**Data listing**
########

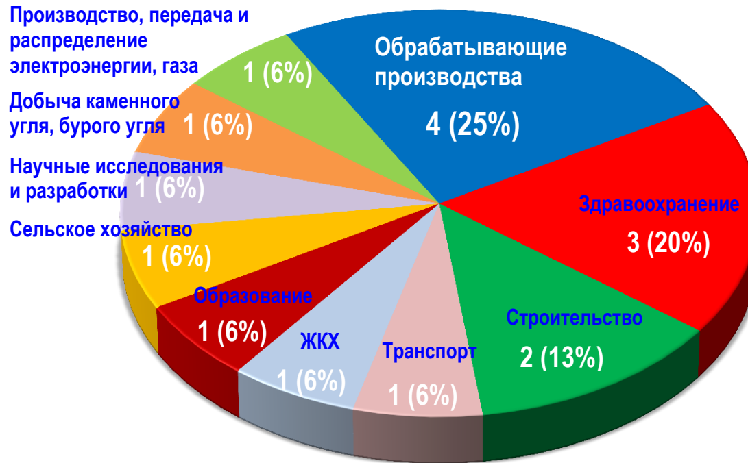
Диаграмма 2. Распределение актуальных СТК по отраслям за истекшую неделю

########

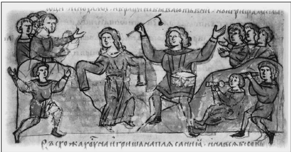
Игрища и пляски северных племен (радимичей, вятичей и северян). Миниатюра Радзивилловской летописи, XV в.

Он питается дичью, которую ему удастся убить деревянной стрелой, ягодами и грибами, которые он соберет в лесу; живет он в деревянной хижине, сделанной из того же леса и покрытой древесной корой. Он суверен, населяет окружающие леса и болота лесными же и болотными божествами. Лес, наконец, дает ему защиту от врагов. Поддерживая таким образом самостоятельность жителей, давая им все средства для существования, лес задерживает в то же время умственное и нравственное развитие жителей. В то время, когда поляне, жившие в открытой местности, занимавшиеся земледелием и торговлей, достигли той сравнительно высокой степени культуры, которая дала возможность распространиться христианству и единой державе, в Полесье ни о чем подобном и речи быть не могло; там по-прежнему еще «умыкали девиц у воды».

########

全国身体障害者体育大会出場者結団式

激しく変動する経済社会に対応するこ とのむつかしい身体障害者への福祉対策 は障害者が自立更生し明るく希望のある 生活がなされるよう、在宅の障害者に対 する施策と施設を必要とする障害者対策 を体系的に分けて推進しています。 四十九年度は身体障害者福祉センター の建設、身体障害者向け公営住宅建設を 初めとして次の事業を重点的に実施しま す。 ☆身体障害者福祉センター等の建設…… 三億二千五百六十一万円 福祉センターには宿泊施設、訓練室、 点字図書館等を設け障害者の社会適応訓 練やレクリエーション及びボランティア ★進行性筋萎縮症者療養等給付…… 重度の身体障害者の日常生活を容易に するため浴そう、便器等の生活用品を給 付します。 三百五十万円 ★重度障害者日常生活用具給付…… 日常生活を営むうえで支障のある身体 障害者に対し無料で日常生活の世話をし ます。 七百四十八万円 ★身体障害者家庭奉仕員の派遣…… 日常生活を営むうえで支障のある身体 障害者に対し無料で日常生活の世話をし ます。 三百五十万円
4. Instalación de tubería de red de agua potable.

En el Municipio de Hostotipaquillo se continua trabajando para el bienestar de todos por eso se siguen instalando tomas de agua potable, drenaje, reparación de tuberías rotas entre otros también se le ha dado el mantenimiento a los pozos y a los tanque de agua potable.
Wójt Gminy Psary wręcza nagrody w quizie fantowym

########

**Exercise**
Line count for the string "potable": give the number of lines in the listing that hold it, with no other output.

**Exercise solution**
2